Data for the task:
★ ★ ★ ★

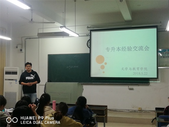 为贯彻落实学院关于2019届毕业生就业工作的总体安排,提高2019届专科毕业生对专升本考试的认识,早作准备。2018年5月22日傍晚,文学与教育学院在b209教室举办了专升本考试经验交流会。文教学院16级学前教育专科班全体同学,15级学前教育专科班考上专升本的学生代表,辅导员潘兰香和班主任刘鑫参加了会议。
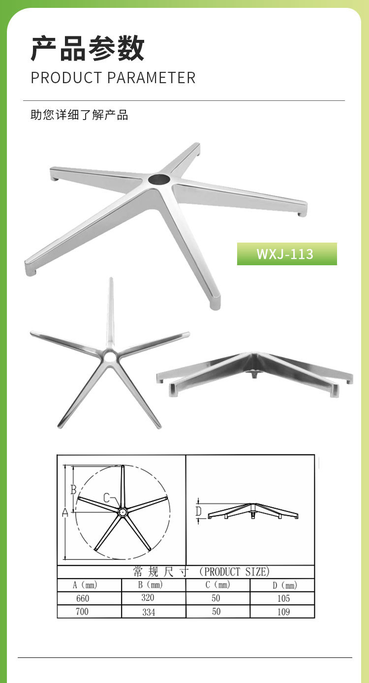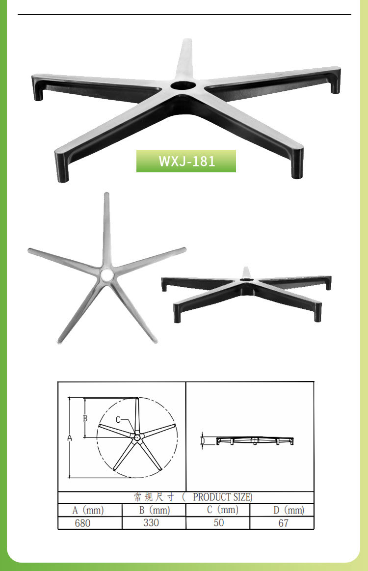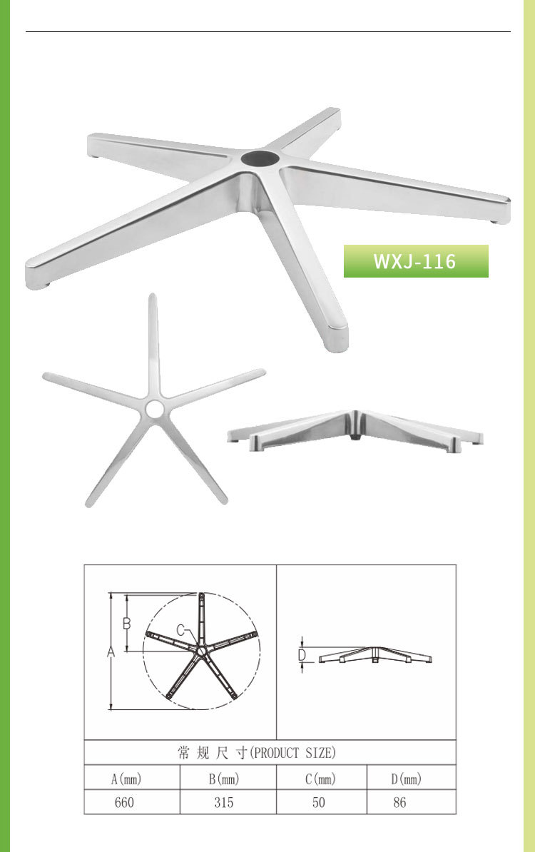 Shenghao 컴퓨터 의자 액세서리 의자 발 알루미늄 합금 5 성급 발 사무실 의자 알루미늄 합금 광택 5 발톱 발
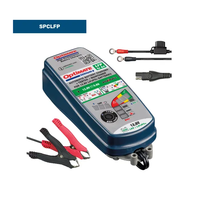 The SPCLFP 12.8 V 6 A Lithium Battery Charger is a reliable, fully automatic Lithium battery charger designed specifically for 12.8 V (nominal) LiFePO4 (LFP) batteries. With up to 6 A charging current and a 10-step AmpMatic charging program, it safely revives deeply discharged batteries (down to 0.5 V), maintains optimal state‑of‑charge, checks battery health, and adjusts current to match battery size (3–72 Ah). Weatherproof with full electronic protection, the charger is safe to leave connected indefinitely. It supports tuning and ECU programming with stable 13.6 V auxiliary output.
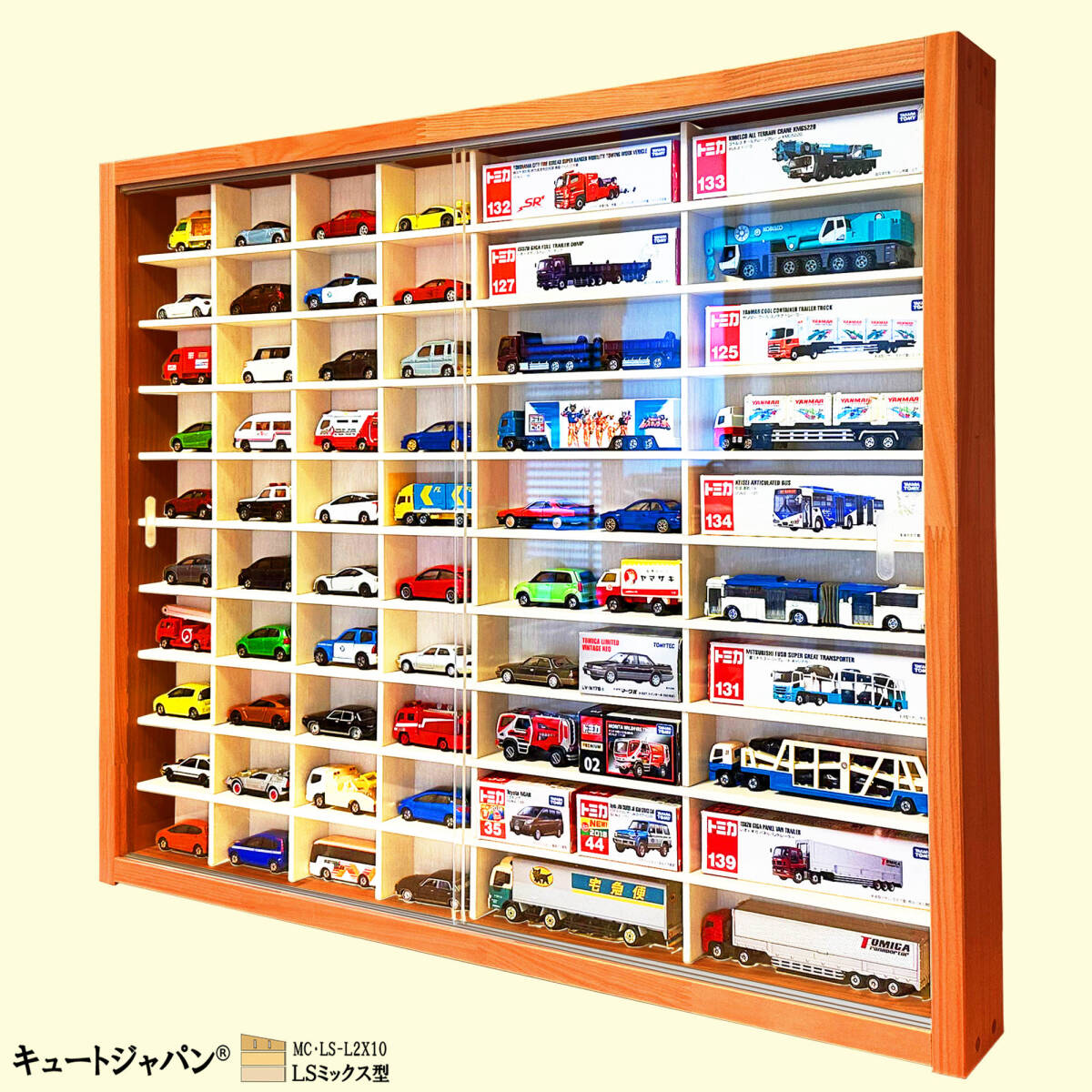 - 送料無料★ミニカー収納 ショーケース トミカ40台・ロングトミカ20台 アクリル障子付 メープル色塗装 日本製 LSミックス型
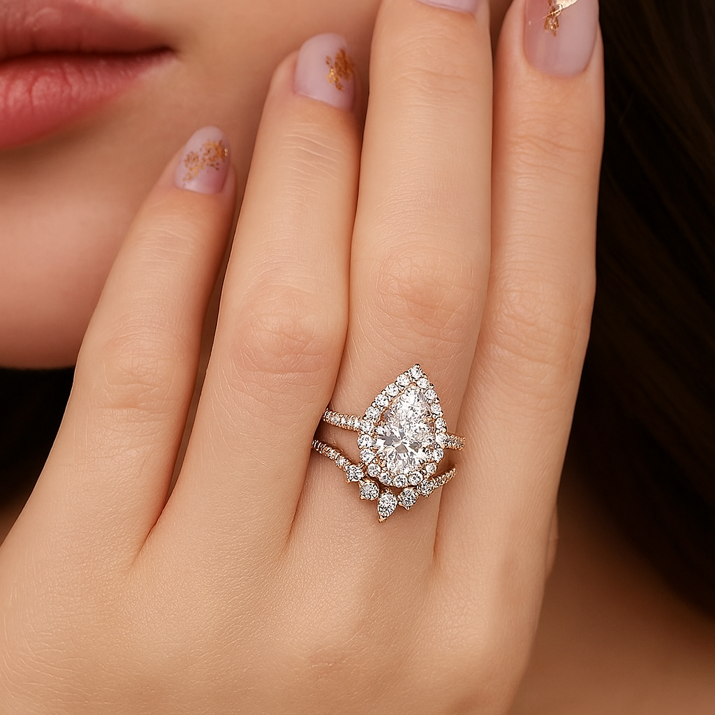 Elegant Rose Gold 2.2 Carat Halo Pear Cut Bridal Ring Set
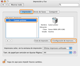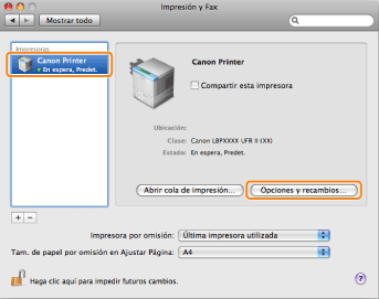 Dependiendo del tipo y la versión del controlador de impresora, [Información de la impresora] podría mostrarse en el cuadro de diálogo [Imprimir]. Si fuera así, haga clic en [Información de la impresora] para obtener o verificar la información de la impresora.
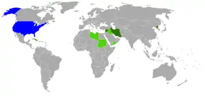 الدول الحالية في القائمة هي إيران ثم سوريا. ثم كوبا موخرآ بدأ إصدار القائمة في 29 ديسمبر/كانون الأول من عام 1979 وضمت حينها العراق واليمن الجنوبي ثم سوريا فليبيا (كلها دول عربية). أضيفت كوبا في 1 مارس من عام 1982 ثم إيران في 19 يناير 1984، وبعدها كوريا الشمالية في 1988 في . أزيل اليمن الجنوبي من القائمة في عام 1990 وتبعه العراق في 2004، وليبيا في 2006 ثم كوريا الشمالية في 2008، وكوبا في 2015.
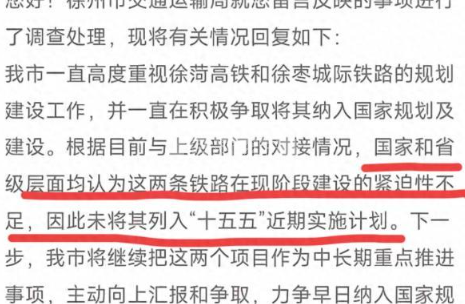 “徐菏高铁、徐枣城际铁路虽已纳入相关规划研究,但因紧迫性不足,暂未列入‘十五五’(2026–2030年)近期实施项目。”
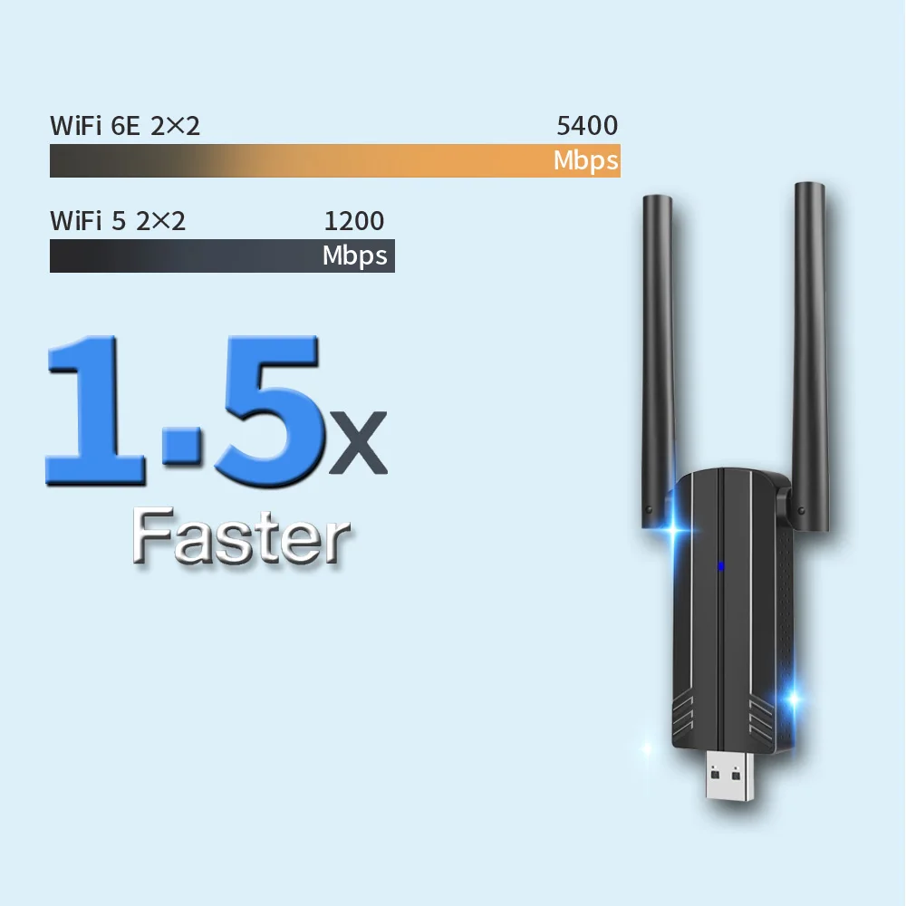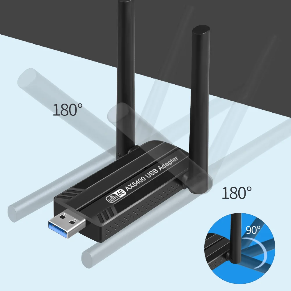 Comprar Tarjeta de red USB 5400 de 3,0 Mbps, adaptador de red WiFi 6E de 2,4G/5G/6G, Dongle WiFi de tres bandas, 10/11 receptor para Win, SIN controlador

★ ★ ★ ★

Set down, word for word, the full listing above, and carry over no pictures.

Response for this exercise:
 为贯彻落实学院关于2019届毕业生就业工作的总体安排,提高2019届专科毕业生对专升本考试的认识,早作准备。2018年5月22日傍晚,文学与教育学院在b209教室举办了专升本考试经验交流会。文教学院16级学前教育专科班全体同学,15级学前教育专科班考上专升本的学生代表,辅导员潘兰香和班主任刘鑫参加了会议。
 Shenghao 컴퓨터 의자 액세서리 의자 발 알루미늄 합금 5 성급 발 사무실 의자 알루미늄 합금 광택 5 발톱 발
 The SPCLFP 12.8 V 6 A Lithium Battery Charger is a reliable, fully automatic Lithium battery charger designed specifically for 12.8 V (nominal) LiFePO4 (LFP) batteries. With up to 6 A charging current and a 10-step AmpMatic charging program, it safely revives deeply discharged batteries (down to 0.5 V), maintains optimal state‑of‑charge, checks battery health, and adjusts current to match battery size (3–72 Ah). Weatherproof with full electronic protection, the charger is safe to leave connected indefinitely. It supports tuning and ECU programming with stable 13.6 V auxiliary output.
 - 送料無料★ミニカー収納 ショーケース トミカ40台・ロングトミカ20台 アクリル障子付 メープル色塗装 日本製 LSミックス型
 Elegant Rose Gold 2.2 Carat Halo Pear Cut Bridal Ring Set
 Dependiendo del tipo y la versión del controlador de impresora, [Información de la impresora] podría mostrarse en el cuadro de diálogo [Imprimir]. Si fuera así, haga clic en [Información de la impresora] para obtener o verificar la información de la impresora.
 الدول الحالية في القائمة هي إيران ثم سوريا. ثم كوبا موخرآ بدأ إصدار القائمة في 29 ديسمبر/كانون الأول من عام 1979 وضمت حينها العراق واليمن الجنوبي ثم سوريا فليبيا (كلها دول عربية). أضيفت كوبا في 1 مارس من عام 1982 ثم إيران في 19 يناير 1984، وبعدها كوريا الشمالية في 1988 في . أزيل اليمن الجنوبي من القائمة في عام 1990 وتبعه العراق في 2004، وليبيا في 2006 ثم كوريا الشمالية في 2008، وكوبا في 2015.
 “徐菏高铁、徐枣城际铁路虽已纳入相关规划研究,但因紧迫性不足,暂未列入‘十五五’(2026–2030年)近期实施项目。”
 Comprar Tarjeta de red USB 5400 de 3,0 Mbps, adaptador de red WiFi 6E de 2,4G/5G/6G, Dongle WiFi de tres bandas, 10/11 receptor para Win, SIN controlador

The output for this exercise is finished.